[PATCH] D47394: [OpenMP][Clang][NVPTX] Replace bundling with partial linking for the OpenMP NVPTX device offloading toolchain

Wed Jun 6 03:23:30 PDT 2018

Hahnfeld added a comment.

In https://reviews.llvm.org/D47394#1123044, @tra wrote:

> While I'm not completely convinced that [fatbin]->.c->[clang]->.o (with device code only)->[ld -r] -> host.o (host+device code) is ideal (things could be done with smaller number of tool invocations), it should help to deal with -rdc compilation until we get a chance to improve support for it in Clang. We may revisit and change this portion of the pipeline when clang can incorporate -rdc GPU binaries in a way compatible with CUDA tools.

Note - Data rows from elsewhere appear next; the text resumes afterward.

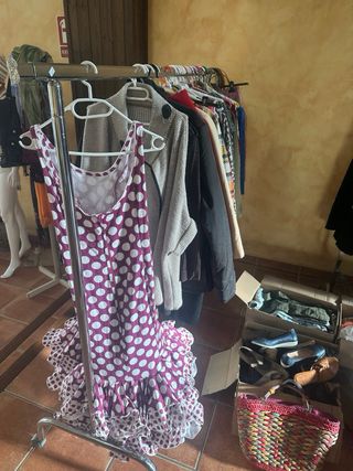 Se vende lote de prendas de vestir y burritos (percheros) para tienda. Ideal para montar o complementar un negocio. - Variedad de prendas de vestir, en un estado notable. - burritos metálicos para colgar la ropa, perchas ,etc. - Accesorios como bolsos , pañuelos y otros. *** ESTAMOS DISPUESTOS A PONER UN GRAN PRECIO PARA QUIEN QUIERA LLEVÁRSELO TODO ANTES DEL PRÓXIMO SABADO 27*** EL PRECIO POR TODO, teniendo en cuenta que hay entre 250-350 prendas + bolsos + pañuelos + 6 burritos variados + colgador de pañuelos y bufandas TODO POR 200€!!! (para el primero que llegue o bien para quien lo reserve)
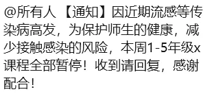 还有不少学校发出了“提倡老师和同学一起戴好口罩”的通知,也再次提醒“接种流感疫苗是预防和减轻症状的有效手段”。
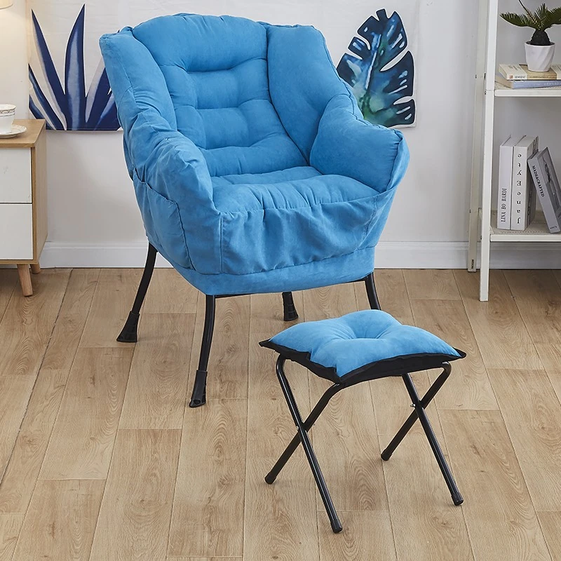 TJアップグレード厚手タイプ-青色-ダメ人間チェア+フットスツール-スエード
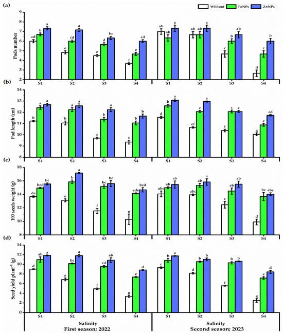 Effects of irrigation water salinity and foliar applications of ZnNPs and FeNPs on (a) pod number; (b) pod length; (c) 100 seed weight; and (d) seed yield plant−1 of cowpea during seasons 2022 and 2023. Different bars indicate the values of means ± SE, n = 6; different letters indicate significant differences (p ≤ 0.05) between the treatments after performing Tukey’s test.
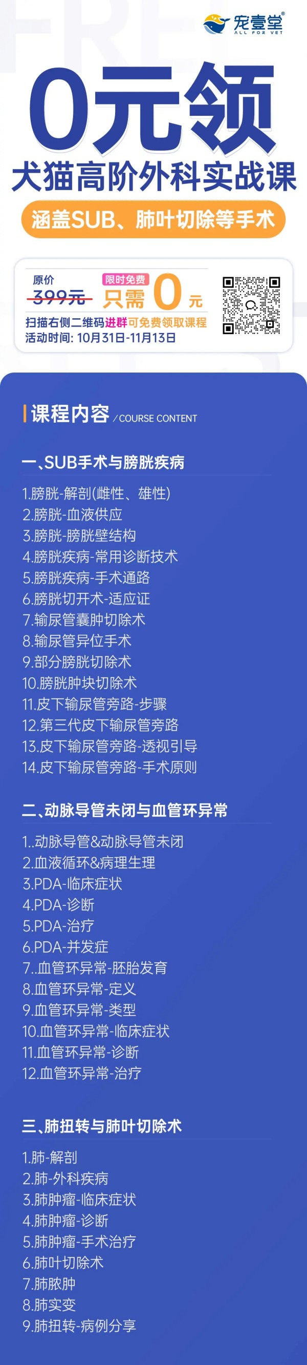 06 【预后沟通】 1.由外力作用下引起的膀胱黏膜的损伤,预后良好。 2.如果出现其他的并发症,需进一步与主人沟通。比如骨盆骨折,脾脏破裂,肝脏破裂及肾损伤。 3.膀胱破裂的动物手术修补后需要24h密切观察生命体征及血液指标。
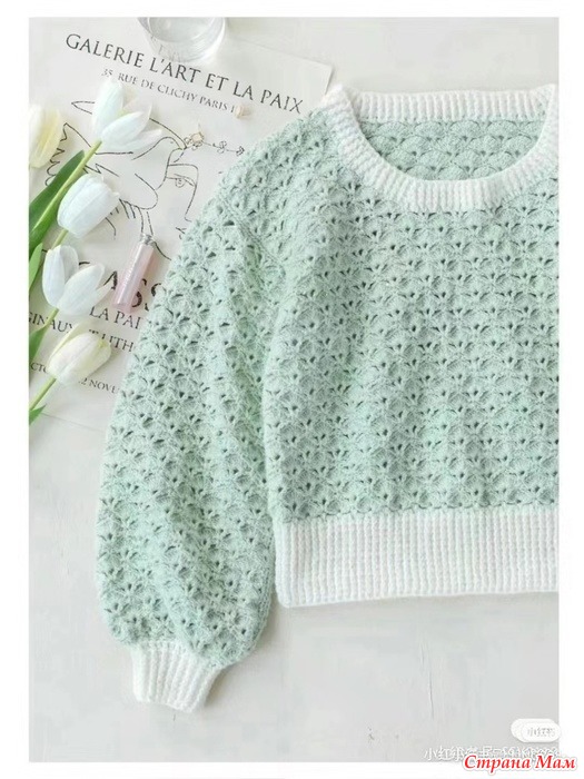 Этот джемпер нежного мятного цвета с белой окантовкой смотрится очень мило, а вяжется очень просто.
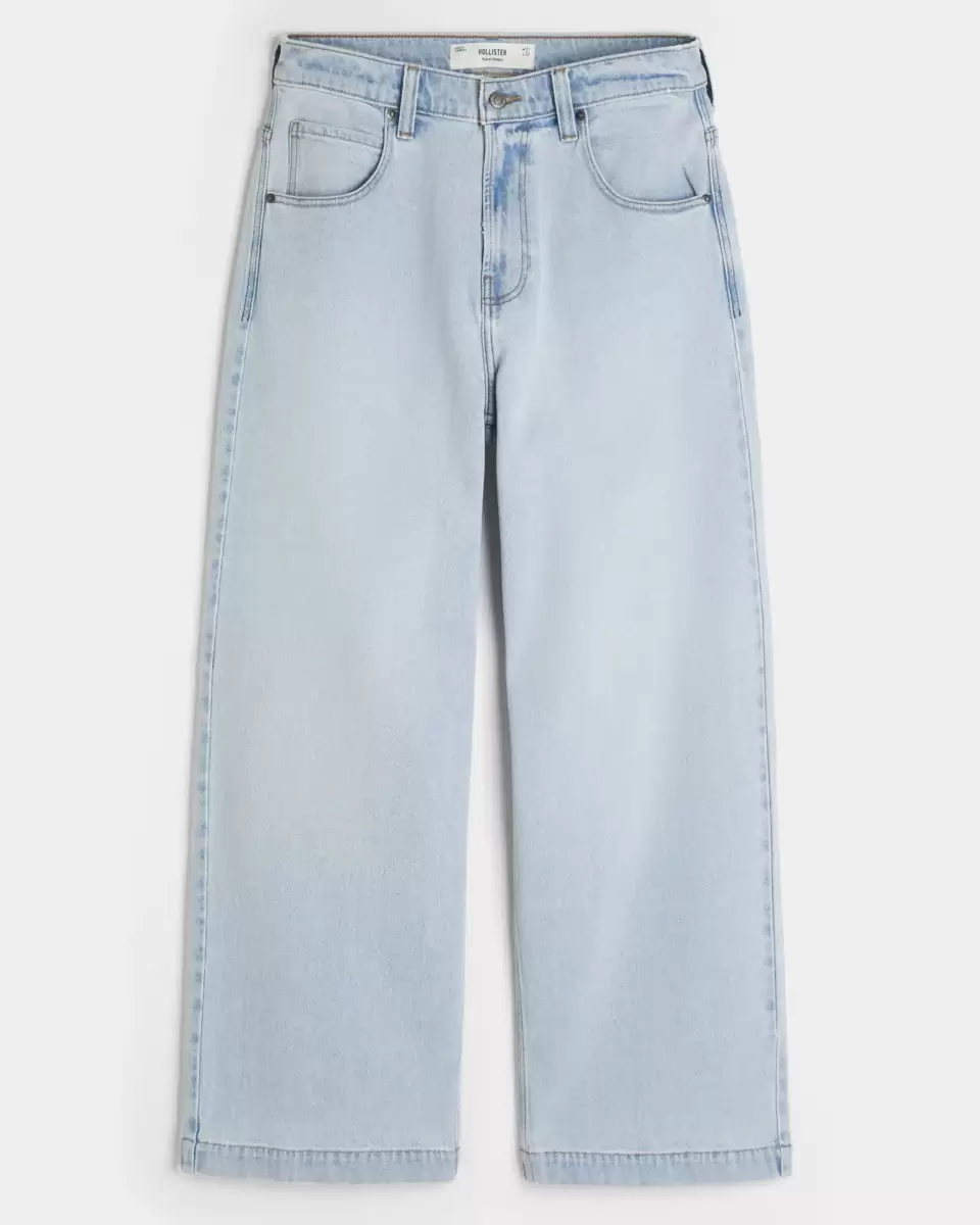 Comfortable denim jeans in a light wash, designed with a super baggy leg. Embroidered New York apple graphic at back pocket. Imported.

I think this should work with current trunk, Clang puts the GPU binary into a section called `__nv_relfatbin` when also passing `-fcuda-rdc` (see https://reviews.llvm.org/D42922).
What will probably result in problems are the registration functions as shown above by @gtbercea (`undefined references`...). But as we don't need them for OpenMP (we have our own registration machinery) it might be worth implementing something like `-fno-cuda-registration`. Maybe then `clang -cc1 <host> -fcuda-include-gpubinary <device> -fcuda-rdc -fno-cuda-registration` can be used to embed the device object, replacing the dance ending in `ld -r`?

Repository:
  rC Clang

https://reviews.llvm.org/D47394